What to work on | In the data below, find the line with "Rare find waterfront" and output it along with every later line, exactly, but not the pictures.

[Stored items from a collection]
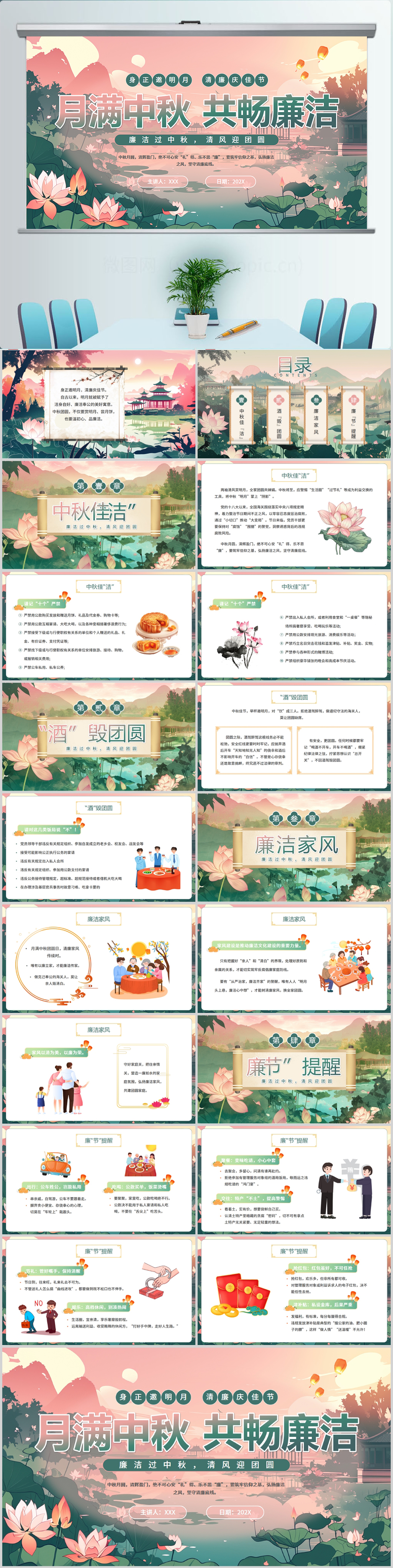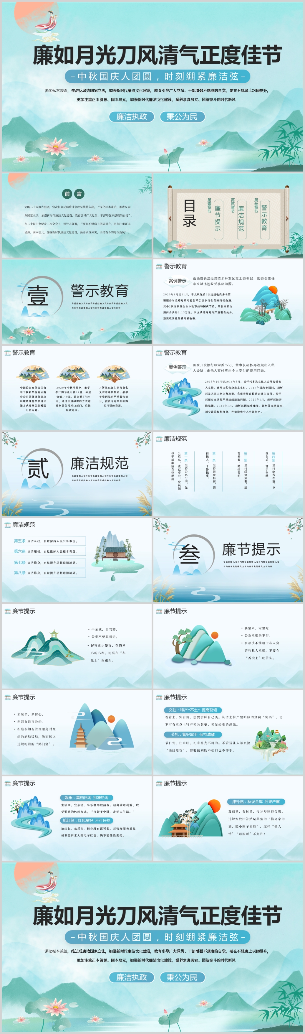 廉如月光身洁风清气正度佳节PPT
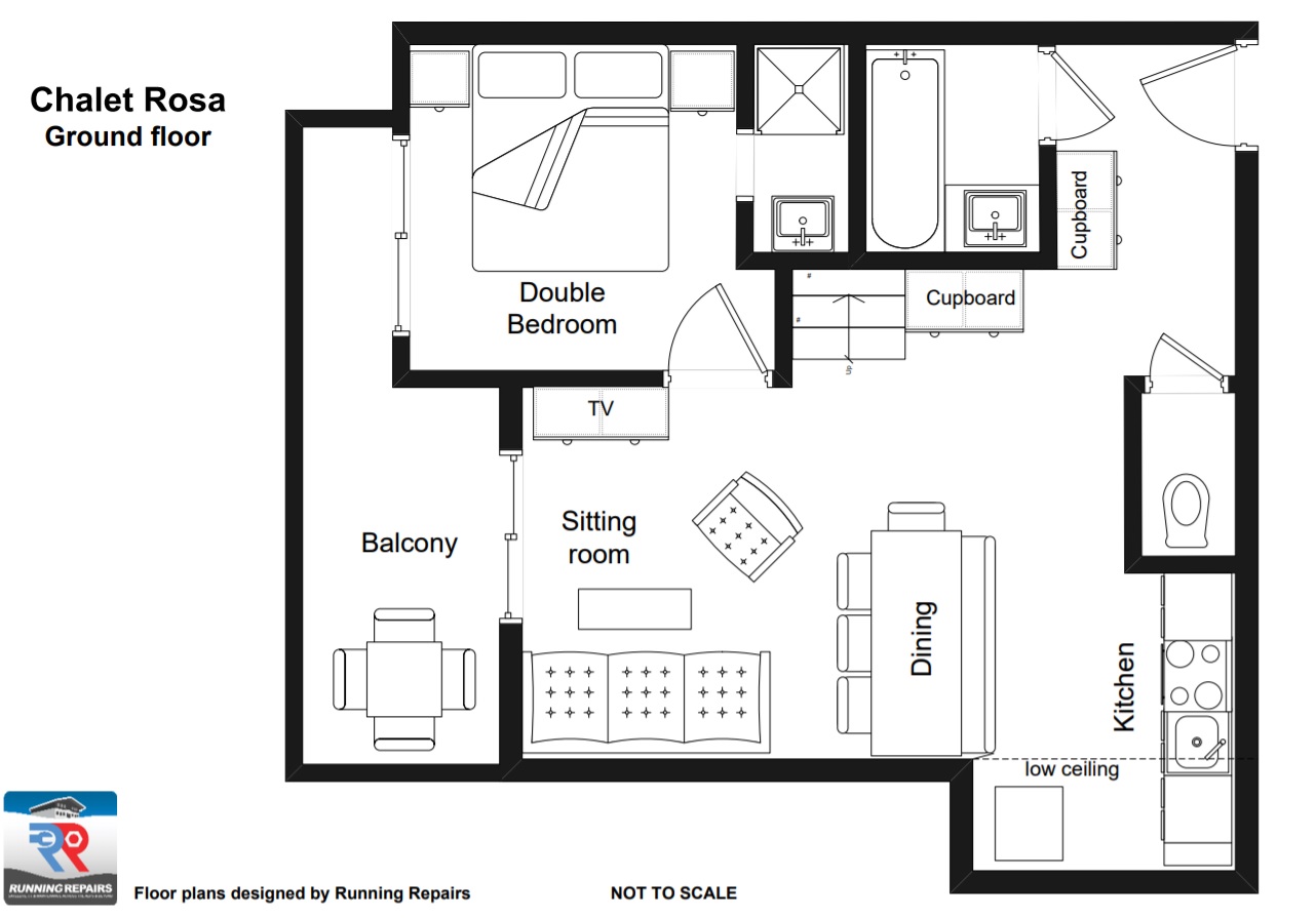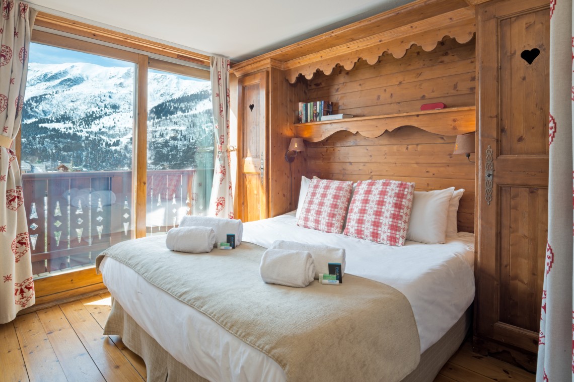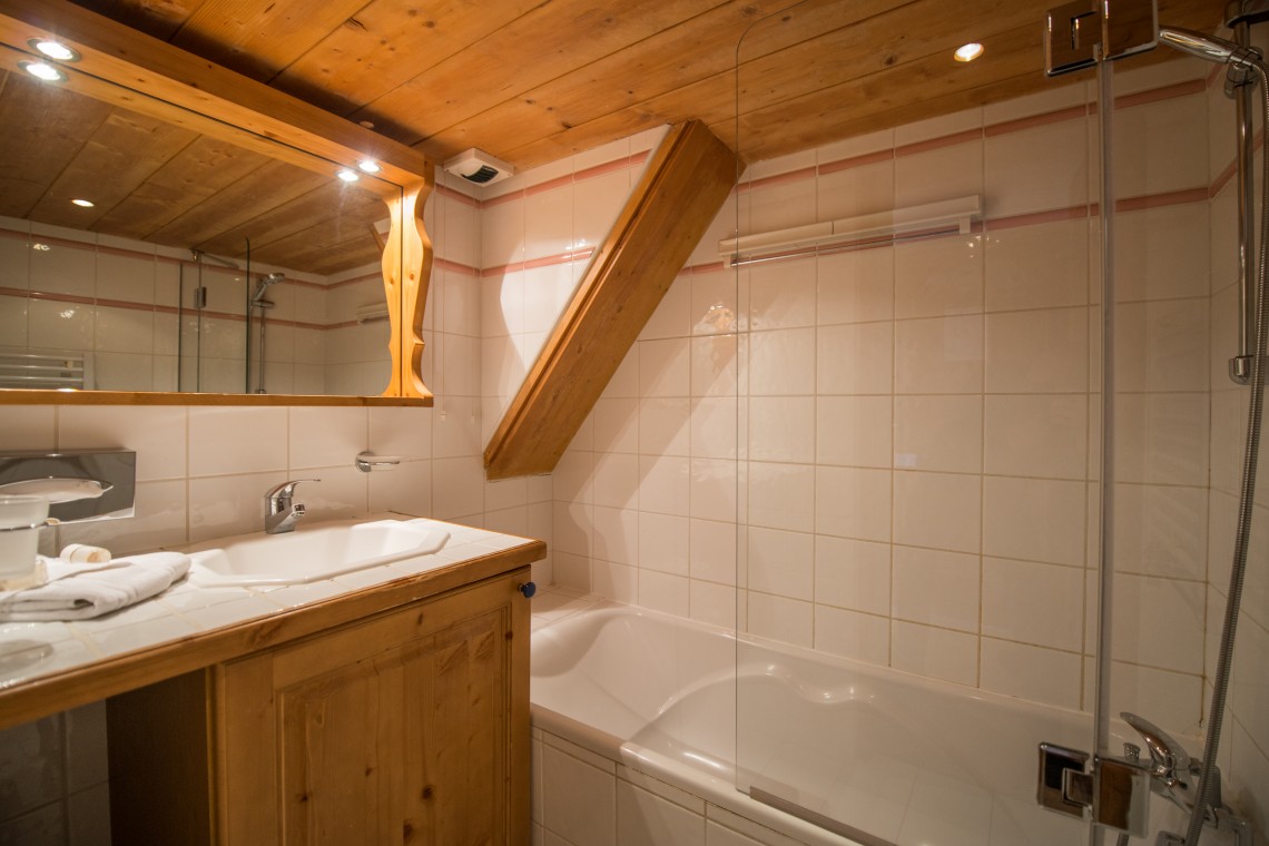 The chalet has an open plan dining / living area, large balcony with amazing views across the Meribel valley. There is a double room downstairs with an ensuite bathroom with bath and vanity unit and a separate WC in the hall. Upstairs there are two good sized rooms; one double room with plenty of storage and balcony with stunning views, there is one further twin room. The bedrooms upstairs share a bathroom which consists of a sink and shower.
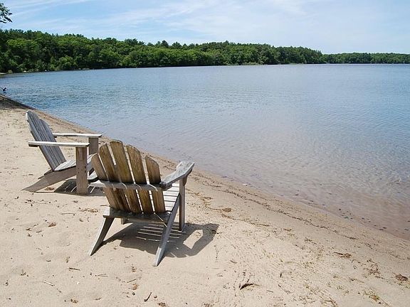 Rare find waterfront home with extensive sandy beach on Silver Lake! Boasting beautiful water views throughout the home. This New England home offers an open floor plan with many options for growth potential. The kitchen has stainless appliances, new quartz counter tops, butler pantry and opens to spacious dining area and living area with hardwood flooring and fireplace. All of this leads to your 3-season screened porch and 38 foot deck overlooking the most amazing scenery you have ever seen. The toughest decision you will have is where to sit and relax! Master suite with Master Bath on second floor. Third bedroom on 1st level with half bath. Library with built-ins, 3-car garage, circular driveway, 5 Bedroom septic. Basement is partially finished with high ceilings, heat and double doors leading to more water views! Value Range Marketing: Seller entertaining offers between $699,900 - $725,000.
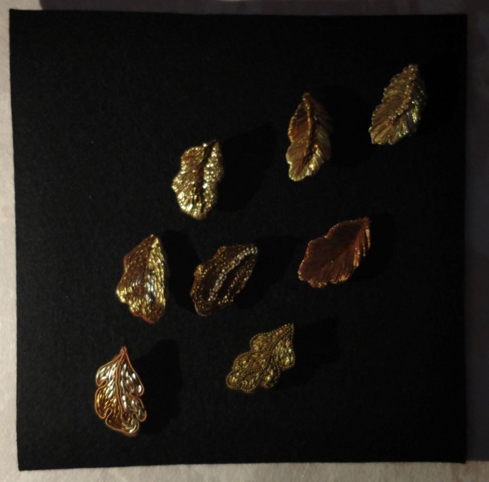 De handgeborduurde eikenbladeren van 2x4cm zijn gemonteerd op wolvilten tegels van 20x20cm.
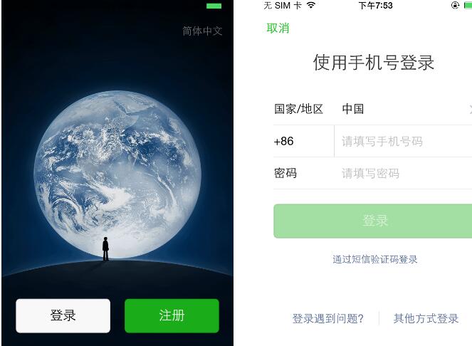 “斷點”這個東西在iOS開發中可謂是經常使用的東西,接下來我們要做的就是給在微信點擊登錄進行頁面跳轉時添加一個斷點。就是點擊左邊截圖的登錄按鈕往右邊頁面跳轉時添加一個斷點。我們暫且將斷點添加在右邊頁面的初始化方法中。

Answer below |
 Rare find waterfront home with extensive sandy beach on Silver Lake! Boasting beautiful water views throughout the home. This New England home offers an open floor plan with many options for growth potential. The kitchen has stainless appliances, new quartz counter tops, butler pantry and opens to spacious dining area and living area with hardwood flooring and fireplace. All of this leads to your 3-season screened porch and 38 foot deck overlooking the most amazing scenery you have ever seen. The toughest decision you will have is where to sit and relax! Master suite with Master Bath on second floor. Third bedroom on 1st level with half bath. Library with built-ins, 3-car garage, circular driveway, 5 Bedroom septic. Basement is partially finished with high ceilings, heat and double doors leading to more water views! Value Range Marketing: Seller entertaining offers between $699,900 - $725,000.
 De handgeborduurde eikenbladeren van 2x4cm zijn gemonteerd op wolvilten tegels van 20x20cm.
 “斷點”這個東西在iOS開發中可謂是經常使用的東西,接下來我們要做的就是給在微信點擊登錄進行頁面跳轉時添加一個斷點。就是點擊左邊截圖的登錄按鈕往右邊頁面跳轉時添加一個斷點。我們暫且將斷點添加在右邊頁面的初始化方法中。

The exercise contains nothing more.